As previously disclosed in the Company’s current report on Form 8-K filed on July 30, 2018, the Company, Seelos and Arch Merger Sub,
Inc., a wholly owned subsidiary of Apricus (“Merger Sub”), are party to that certain Agreement and Plan of Merger and Reorganization, as amended (the “Merger Agreement”), pursuant to which among other matters, and subject to the satisfaction or
waiver of the conditions set forth in the Merger Agreement, Merger Sub will merge with and into Seelos, with Seelos continuing as a wholly owned subsidiary of Apricus and the surviving corporation of the merger (the “Merger”).
Additionally, as previously disclosed in the Company’s current reports on Form 8-K filed on October 17, 2018 and November 16, 2018,
pursuant to the Purchase Agreement, (i) Seelos agreed to sell to the Investors an aggregate of 1,187,336 shares of Seelos’ common stock (the “Initial Shares” and, as converted into the right to receive a number of shares of Company common stock
equal to the exchange ratio in the Merger, the “Converted Initial Shares”) and deposit an additional 1,187,336 shares of Seelos’ common stock into escrow for the benefit of the Investors if the volume-weighted average closing trading price of a
share of the Company’s common stock as quoted on the Nasdaq Capital Market for the first three trading days immediately following the closing date of the Financing is lower than the price paid by the Investors for the Initial Shares (to the
extent issued and as converted into the right to receive a number of shares of Company common stock equal to the exchange ratio in the Merger, the “Converted Additional Shares”), and (ii) the Company agreed to issue warrants representing the
right to acquire an amount of Company common stock up to the amount issuable in exchange for 80% of the combined Converted Initial Shares and Converted Additional Shares, (the “Series A Warrants”), and additional warrants to purchase shares of
Company common stock (the “Series B Warrants” together with the Series A Warrants, the “Investor Warrants”). The First Amendment provided that the Investor Warrants were revised to provide that the Company shall in no event issue shares of the
Company’s common stock pursuant to the exercise of the Series A Warrants and the Series B Warrants, in the aggregate, in excess of the difference obtained by subtracting the number of Converted Initial Shares and the number of Converted
Additional Shares from 533,773,068, prior to giving effect to the reverse split to be effected in connection with the Merger (the “Warrant Issuance Cap”).
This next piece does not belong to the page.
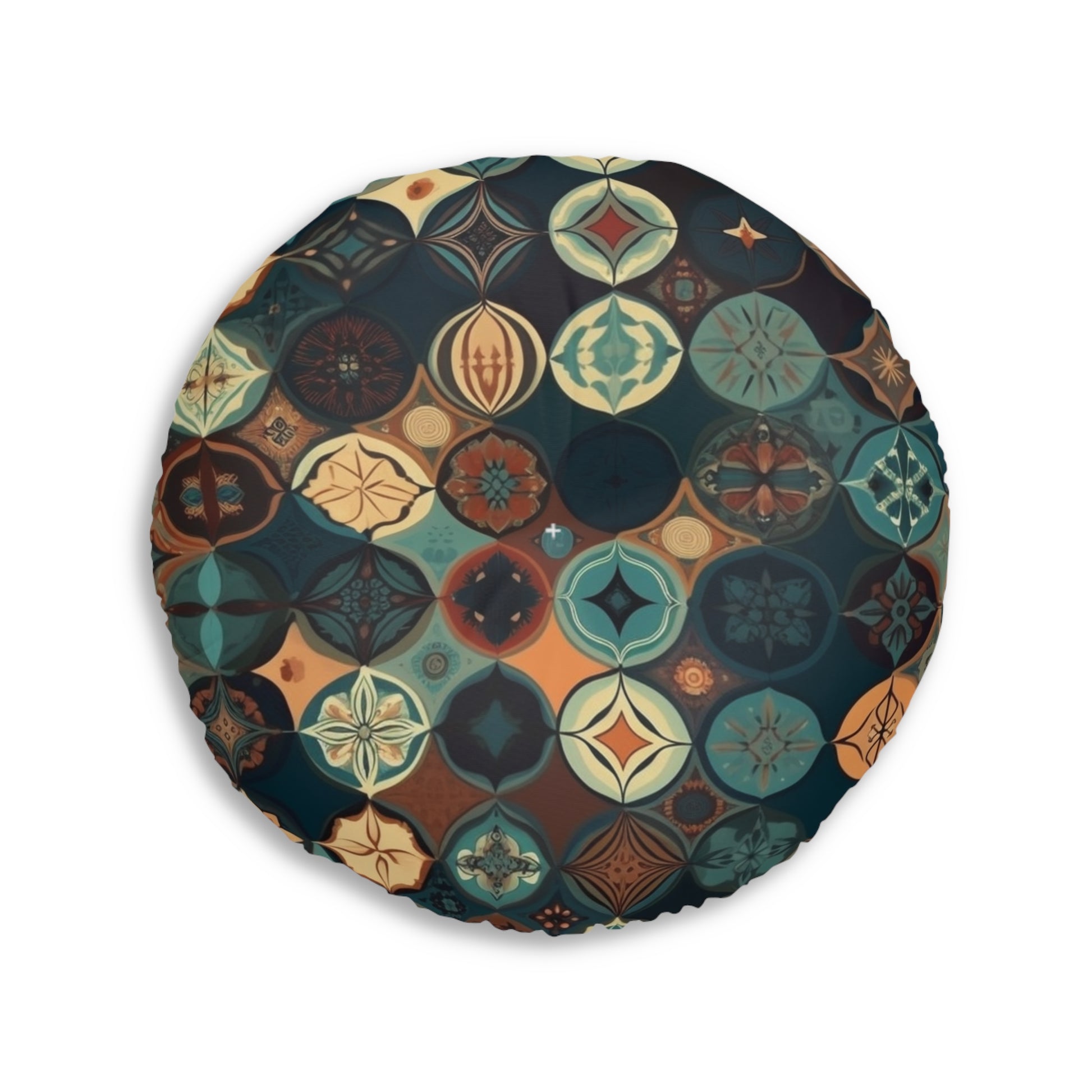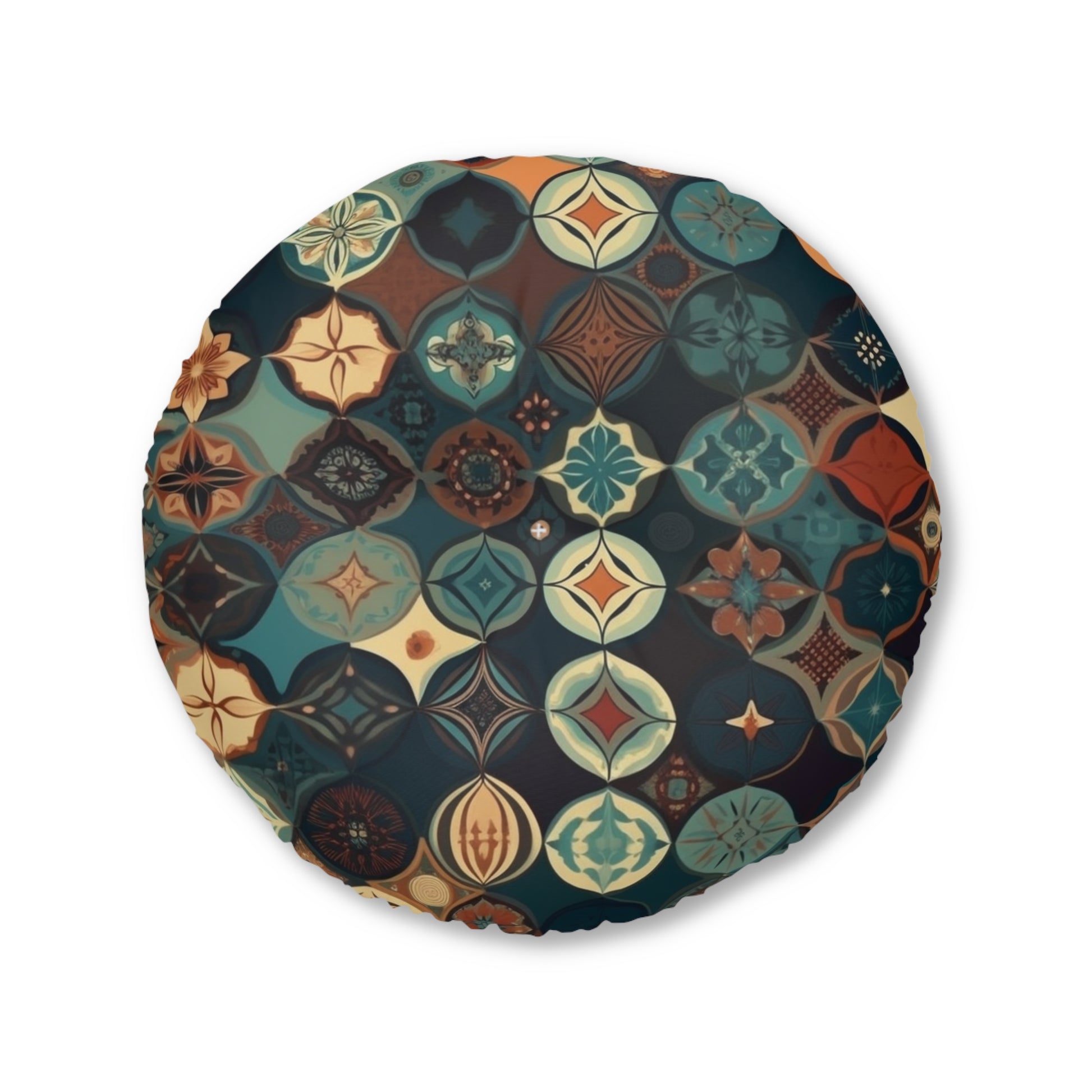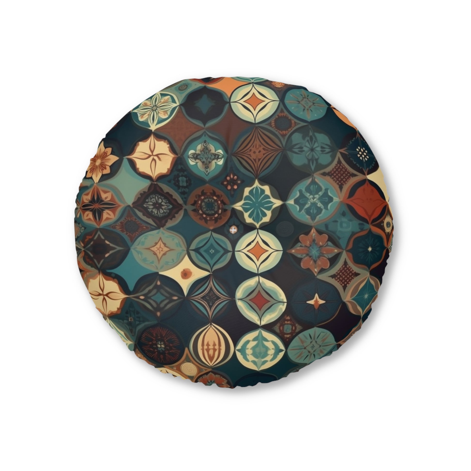 Tufted Round Boho Floor Pillow - Medallion Mosaic Cushion for Cozy Floor Seating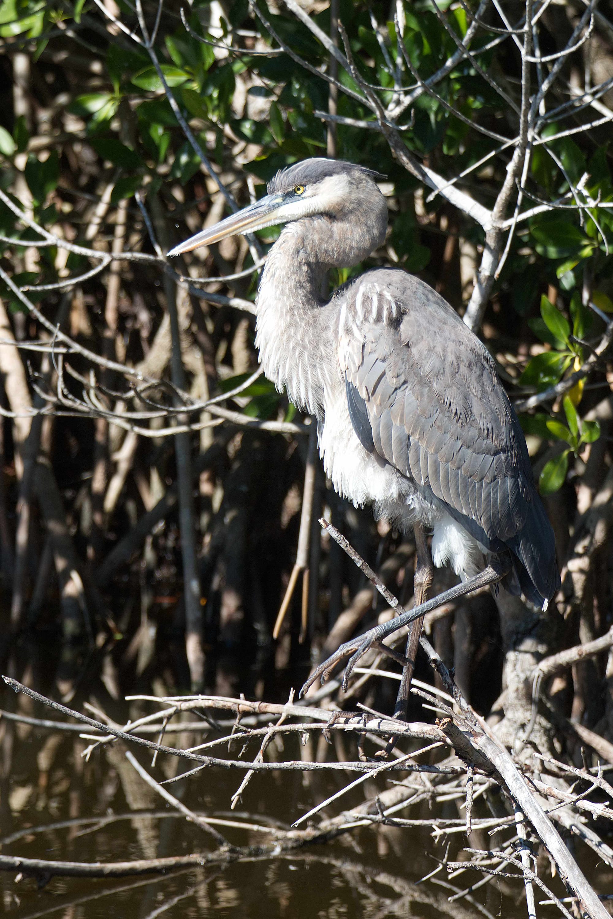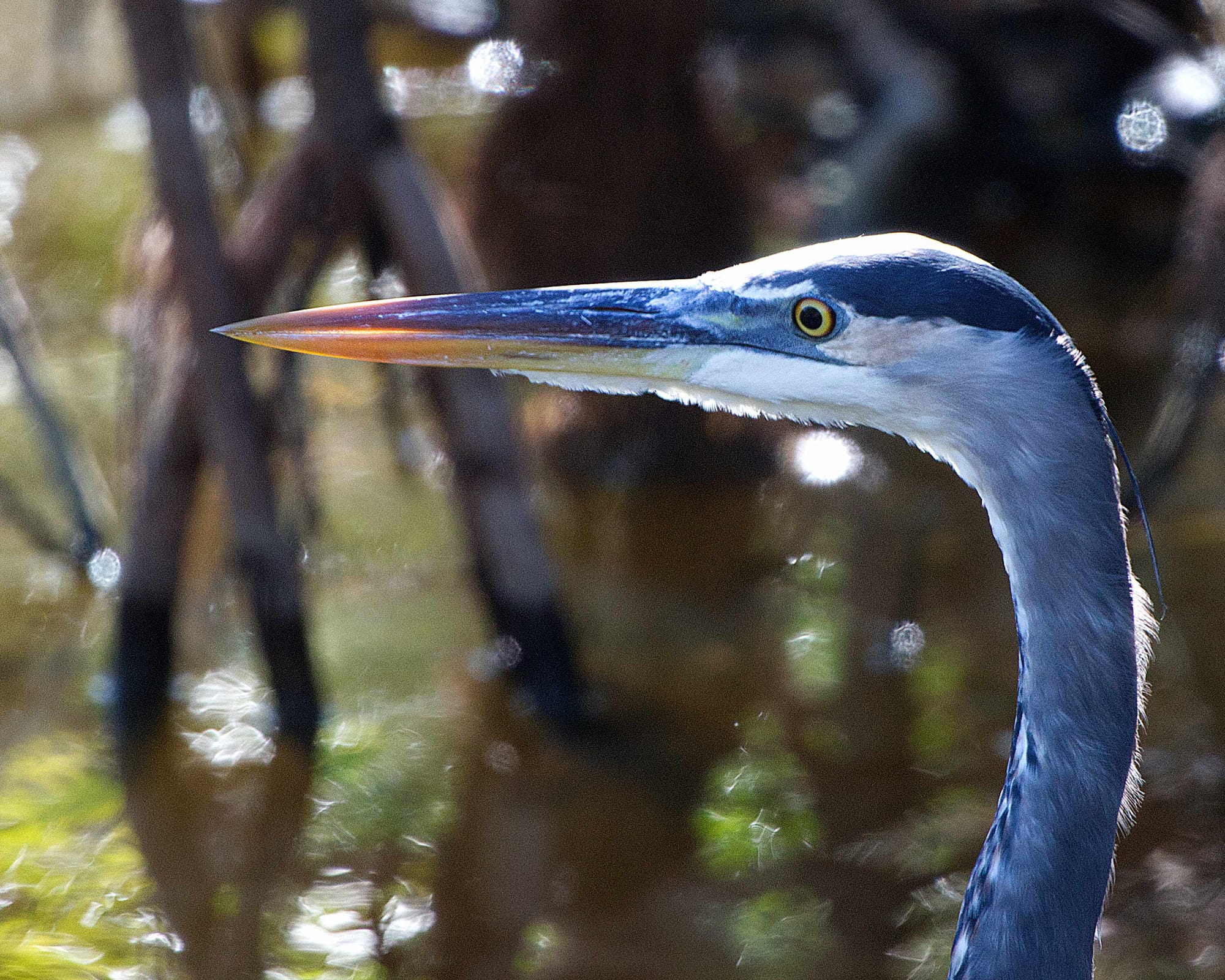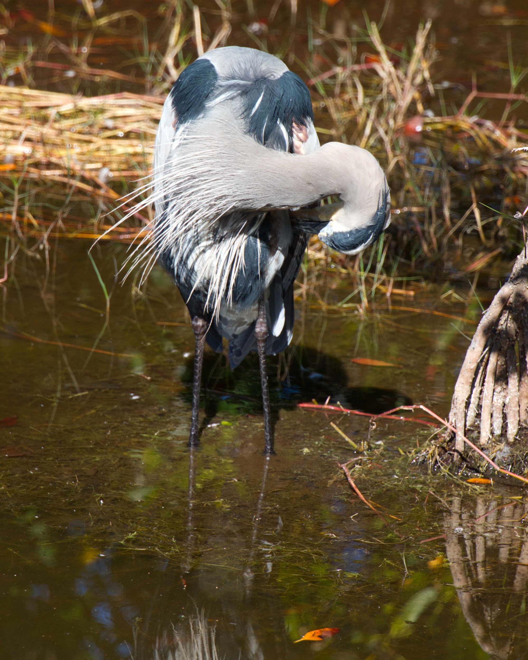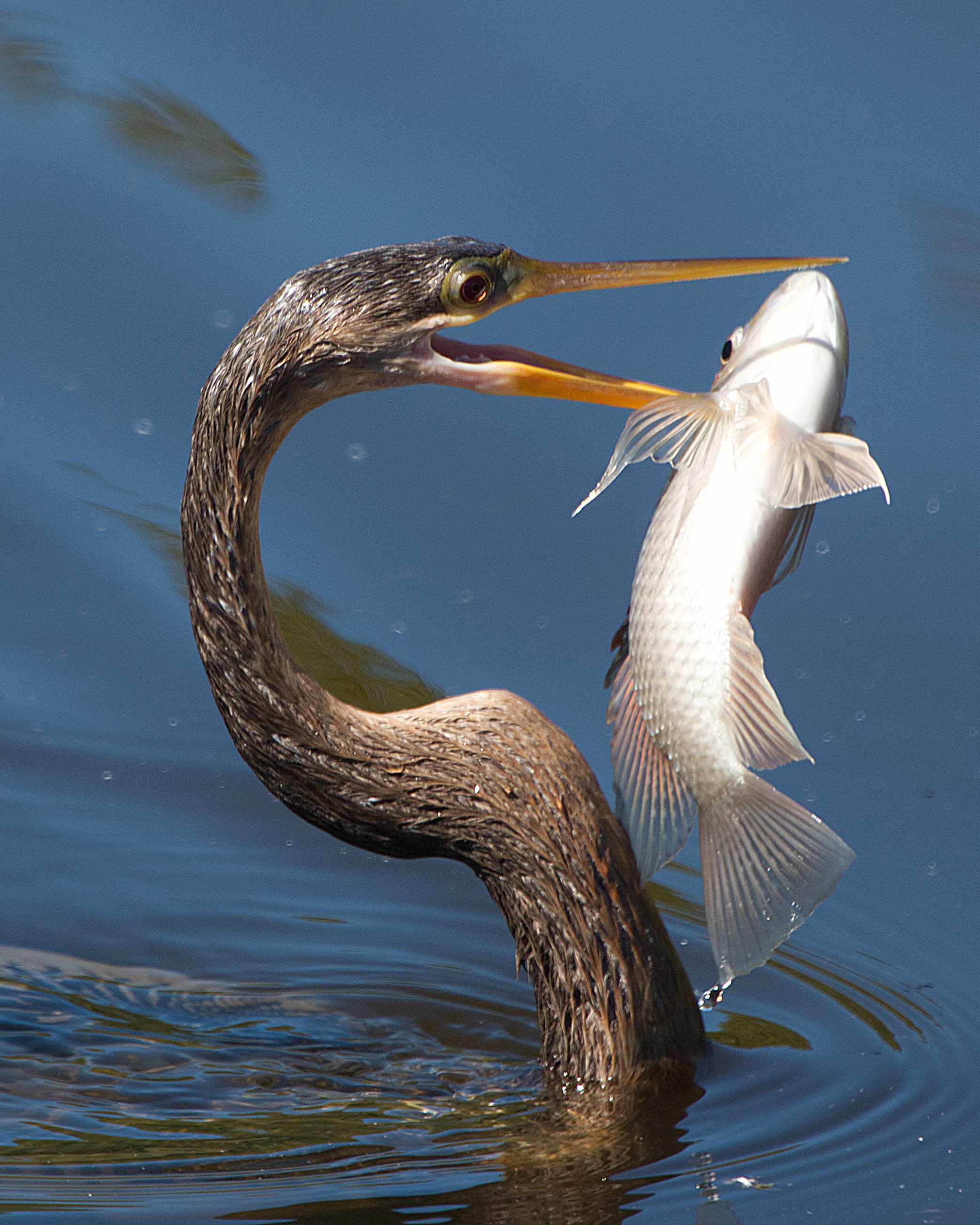 A blue heron looking for food, a blue heron cleaning its feathers, a scary heron of some sort looking scary, three alligators getting a tan and a female anhinga spears a fish. All photos by Philip Cardella.

In the event that the Company is unable to issue shares of the Company’s common stock
pursuant to an exercise of Series A Warrants or the Series B Warrants due to the application of the Warrant Issuance Cap, the Company will pay to the exercising holder an amount in cash equal to the difference between the last closing trade price
of the Company’s common stock and the applicable exercise price, if any, to the extent not previously paid to the Company.
Further, as previously disclosed in the Company’s current Report on Form 8-K filed on January 4, 2019, the Second Amendment provided
that the Series A Warrants were to be comprised of two series of Series A Warrants, a Series A-1 Warrant (“A-1 Warrant”), which would constitute 70% of the Series A Warrants issuable to each Investor pursuant to the Purchase Agreement, and a
Series A-2 Warrant (“A-2 Warrant”), which would constitute 30% of the Series A Warrants issuable to each Investor pursuant to the Purchase Agreement. The form of the A-2 Warrants was not amended pursuant to the Second Amendment and were to be in
the form attached as Exhibit A-1 attached to the First Amendment, and as filed as Exhibit 4.1 to the Company’s current report on Form 8-K filed November 16, 2018. The A-1 Warrants were to be in the form attached as Exhibit A-1 attached to the
First Amendment, except as follows: (i) the provision that required a cash payment in the event that upon any exercise of the warrant, the Company did not have sufficient authorized shares to deliver to the Investor was deleted; (ii) the
provisions on Fundamental Transactions (as defined therein) was revised to state that in the event a Fundamental Transaction was not within the Company’s control, a holder of the warrant will be entitled to the same type of consideration (and in
the same proportion) offered and paid to the holders of common stock; and (iii) the definitions of “Black Scholes Consideration Value” and “Black Scholes Value” were amended to remove the minimum volatility factor and change references to the
“highest Weighted Average Prices” during the calculation period to the “average of the Weighted Average Prices”. In addition, the provision of the Purchase Agreement pertaining to the date by which the closing of the Financing must occur before
the Investors have the right to terminate the Purchase Agreement was extended from December 31, 2018 to January 18, 2019.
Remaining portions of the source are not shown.